Moreover, I might have miscalculated the size needed by Redis in RAM. At first, I thought 8 GB of RAM would be enough: I was wrong.
It should be noted that Hacker News has around 36 000 000 items (comments, stories, polls, etc.). Each job pushed to the queue is about 460 bytes. Some quick maths : 460B × 36 000 000 = 16.56 GB.
Hi swap file 👋! It was very slow. Each snapshot of the database was at least taking an hour. Next time, I will think about twice before using Redis.

Analysis

Disclaimer: The following charts contain bias and might not be representative of the real-world. Indeed, the data has only stories with a score greater than 100 and articles that are unavailable (image, some gated content, etc.) were not included.

After waiting 96 hours for my inefficient system to finish its job, I finally have exactly 108 477 articles with their embeddings.
I wanted to plot them, but vectors from Open AI have a length of 1536 and my screen is only 2D, so we have to reduce the dimension. To do so, we’re going to use the t-SNE algorithm. I don’t understand its inner workings, but as far as I know, it helps reduce a vector of dimension N to a vector of dimension 2. Which is helpful to plot it.

Scatter plot

Here is the result:

To colour the scatter plot, I have used the K-means algorithm from Scikit Learn.
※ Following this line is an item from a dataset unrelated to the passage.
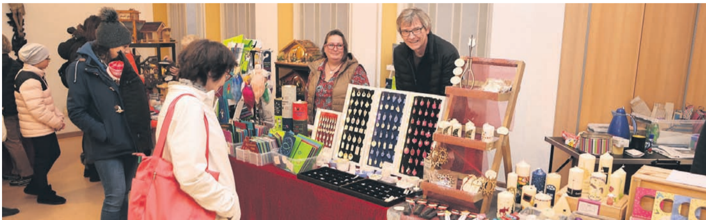
Viele Geschenkideen gab es im Forum St. Nazarius.

nachbarten Kommunen denn auch ausgiebig. An kunsthandwerklichen und kulinarischen Verlockungen herrschte kein Mangel. Die Pfarrei lockte mit potenziellen Weihnachtsgeschenken ins Forum und in den Eine-Welt-Laden. Das obligatorische Kinderkarussell drehte seine Runden, auch im Dinerhof konnte man gemütliche Sonntagsstunden erleben, der Glühwein aus den neuen Glastassen mit Rödermark-Dekor schmeckte bestens... Und das Kulturprogramm war stattlich. Instrumentalisten der Musikvereine 03 und 08, der Posaunenchor der Evangelischen Kirchengemeinde, der Musikzug der Turngemeinde... Sie alle hatten ihren Auftritt. Für einen Höhepunkt der besonderen Art hatte der kommunale Fachbereich 5 (Kultur, Heimat und Europa) die organisatorischen Weichen gestellt. Das mehrKlang-Ensemble aus Darmstadt präsentierte Chorwerke aus vier Jahrhunderten und sorgte damit im „Rodgau-dom“ für eine festliche und mitunter geradezu weihevoll Atmosphäre. „Das Publikum war beeindruckt. Wir werden das Ensemble im kommenden Jahr wieder zum Adventsmarkt ein-

I made 9 clusters, labeled them one by one and plotted them using Plotly. You can find the interactive version here.

The main topics are:

Data privacy, Security
Finance
Hardware, Embedded systems
Computer theory, Math, Deep Learning
Open source, Software development
Self-improvement, Advice, Essays, Guides
Can’t tell (I couldn’t figure out what those articles were about)
Health, Society, News
Programming

Why aren’t the colours in the same place?
Yes, it’s a good question. I used the K-means algorithm to cluster the vector in dimension 1536. Due to the t-SNE dimensionality reduction, some items may not appear in the same spot when in dimension 2.

Pie chart

I’ve made a pie chart using the previously made cluster. « Open source, Software development » is by far the most popular topic in terms of number of posts.

Bar chart

While in the previous chart, there were the more stories on « Open source, Software development », « Data privacy, Security » is a much more popular topics.
It’s interesting to see the difference between the number of posts vs. the popularity of the posts.

To me, Hacker News looks like a goldmine of awesome articles and learning resources. But I feel like I can’t access it properly. I can’t replay sixteen years (from 2007) of posts and HN Algolia only matches words. To resolve this issue, I made HN Recommend.

Using this tool, you can get related posts to a text or a URL. I’ve personally used it to find resources about programming books or Bash.

How does it work ?

The previous work cited earlier gave me a dataset of over 100 000 embeddings. To search posts related to a query, I have to compute the embeddings of the query and get the nearest items. And for an article, it’s pretty-much the same; the only extra step is to get the text of the article from Diffbot.

Nevertheless, I can’t compute the distance with every post because it would be too inefficient (100 000 calculations per query O(n) ). To remediate, HN recommend uses Faiss and the HNSW index. Although I don’t understand the details like the t-SNE algorithm, I know it’s very efficient. On my MacBook Air M1, %%time reports 570 µs

CPU times: user 1.76 ms, sys: 1.32 ms, total: 3.08 ms
Wall time: 570 µs

Now that I have the closest items, my final job is to query the database and return the data to the user.

Dataset

I love open source. Therefore, I’m releasing the dataset for the public. You can download it from Kaggle
In addition, you can find the notebook for data visualisation here.

Thanks

I want to thank Diffbot, which allowed me to use their API for free. Without them, this project would not have been possible. I am excited to see what other projects I can create using their API in the future.